- Material supplied -
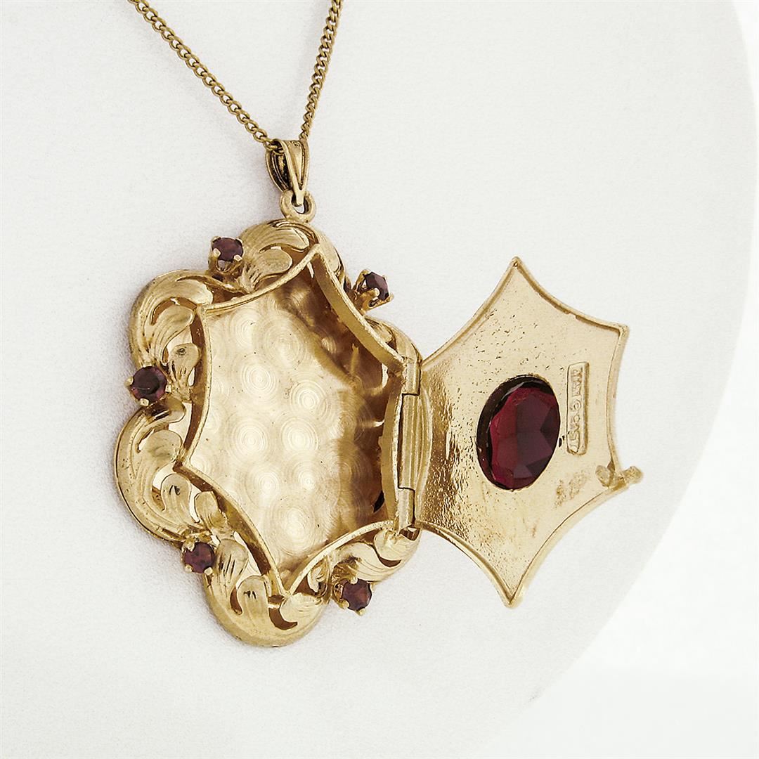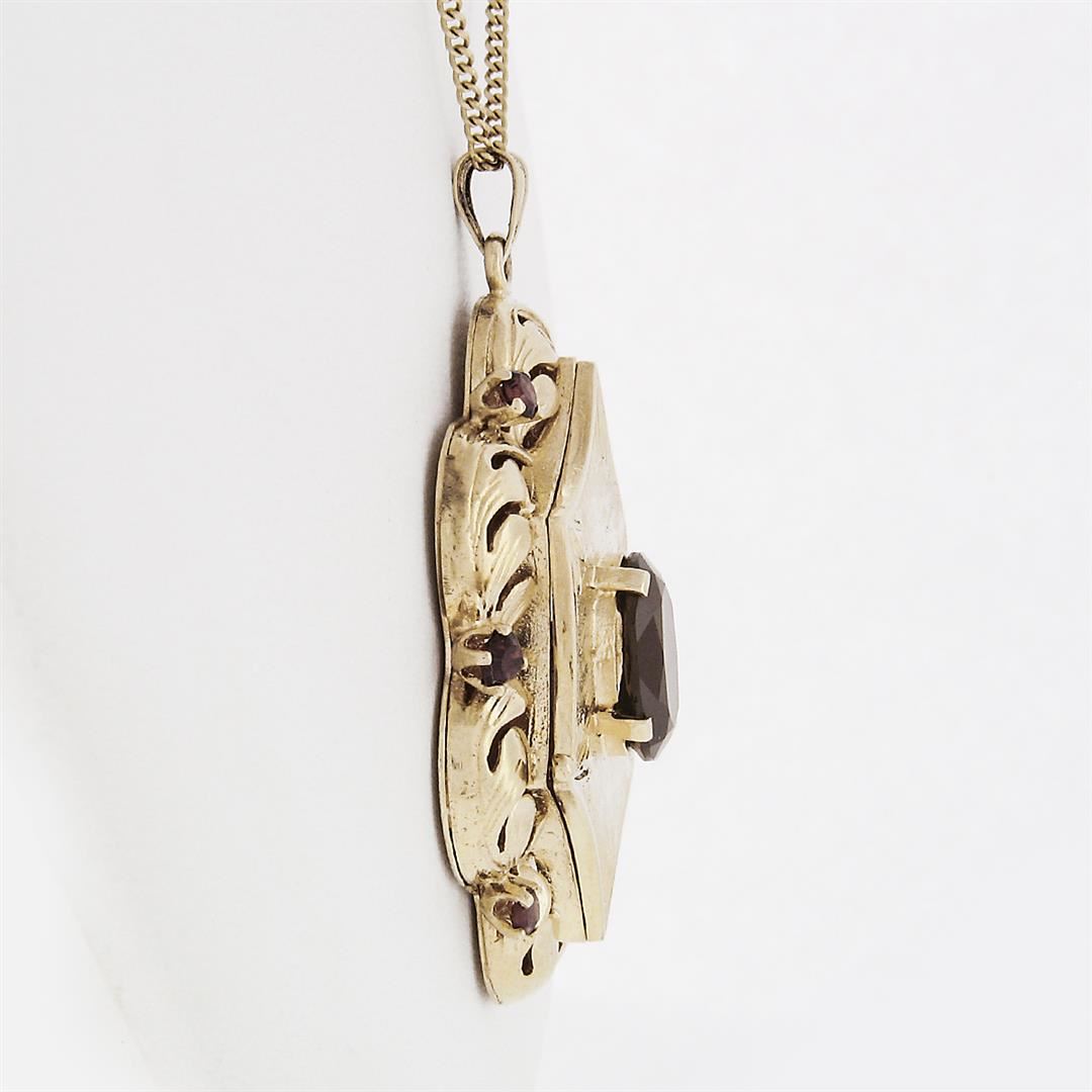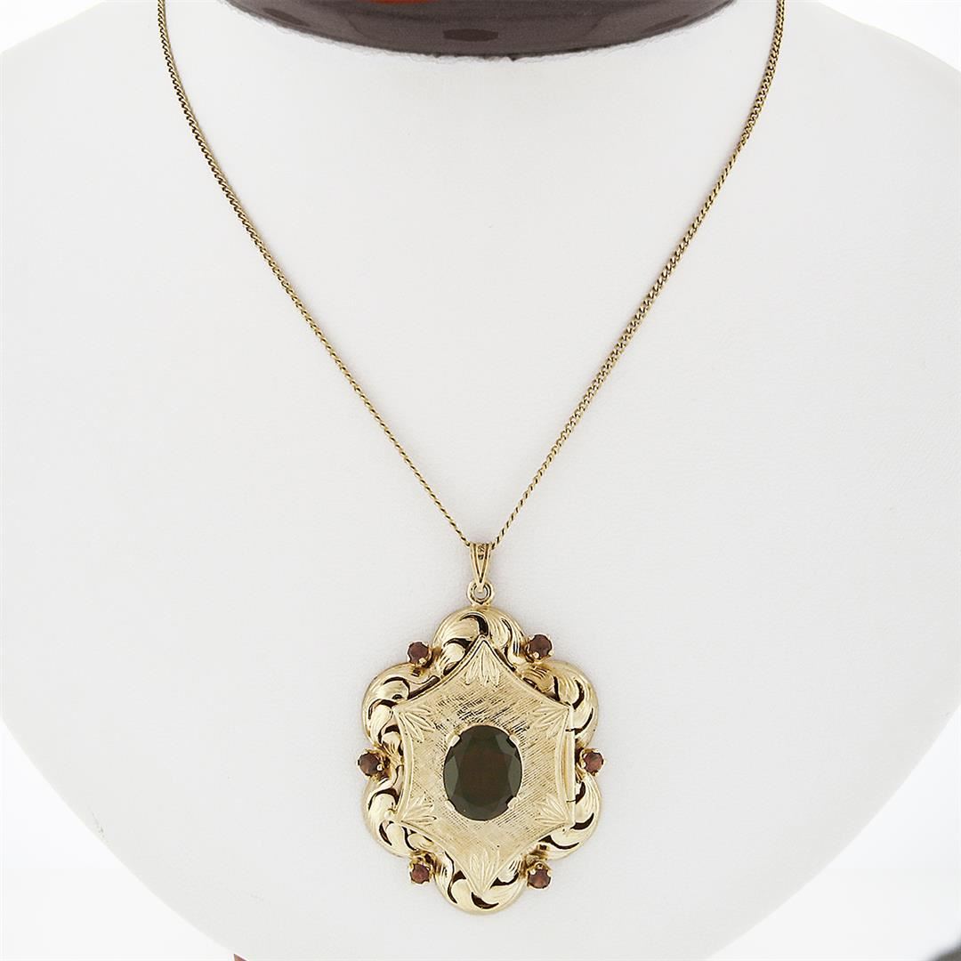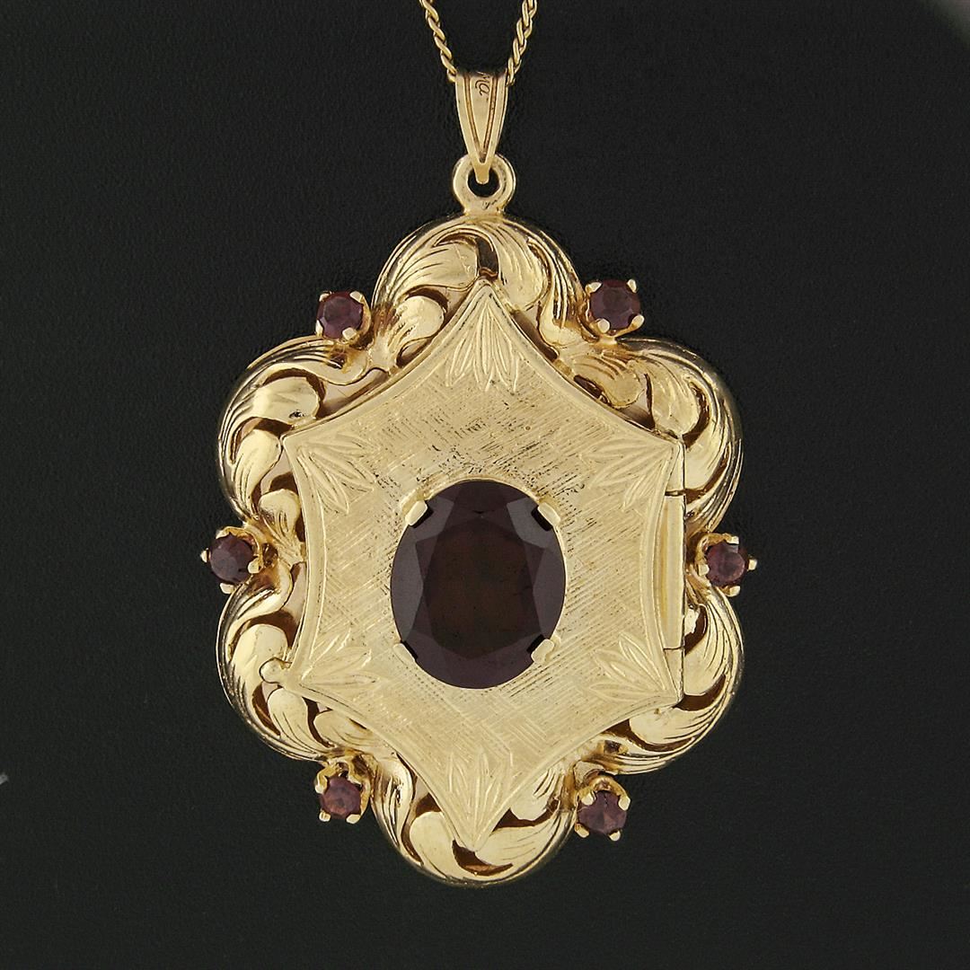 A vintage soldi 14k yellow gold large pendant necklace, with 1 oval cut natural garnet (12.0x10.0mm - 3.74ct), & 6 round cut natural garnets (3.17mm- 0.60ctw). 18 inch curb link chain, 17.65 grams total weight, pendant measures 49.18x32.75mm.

* * *

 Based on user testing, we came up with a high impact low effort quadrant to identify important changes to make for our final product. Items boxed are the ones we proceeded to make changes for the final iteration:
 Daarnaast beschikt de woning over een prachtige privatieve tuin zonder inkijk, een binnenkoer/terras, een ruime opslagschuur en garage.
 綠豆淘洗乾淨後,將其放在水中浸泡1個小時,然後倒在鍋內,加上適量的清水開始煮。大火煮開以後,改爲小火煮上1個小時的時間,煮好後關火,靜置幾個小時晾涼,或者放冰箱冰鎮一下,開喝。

- About this task -
Please make an exact copy of the lines above from the line with "Based on user" through the line with "綠豆淘洗乾淨後,將其放在水中", both ends included.

- The answer -
 Based on user testing, we came up with a high impact low effort quadrant to identify important changes to make for our final product. Items boxed are the ones we proceeded to make changes for the final iteration:
 Daarnaast beschikt de woning over een prachtige privatieve tuin zonder inkijk, een binnenkoer/terras, een ruime opslagschuur en garage.
 綠豆淘洗乾淨後,將其放在水中浸泡1個小時,然後倒在鍋內,加上適量的清水開始煮。大火煮開以後,改爲小火煮上1個小時的時間,煮好後關火,靜置幾個小時晾涼,或者放冰箱冰鎮一下,開喝。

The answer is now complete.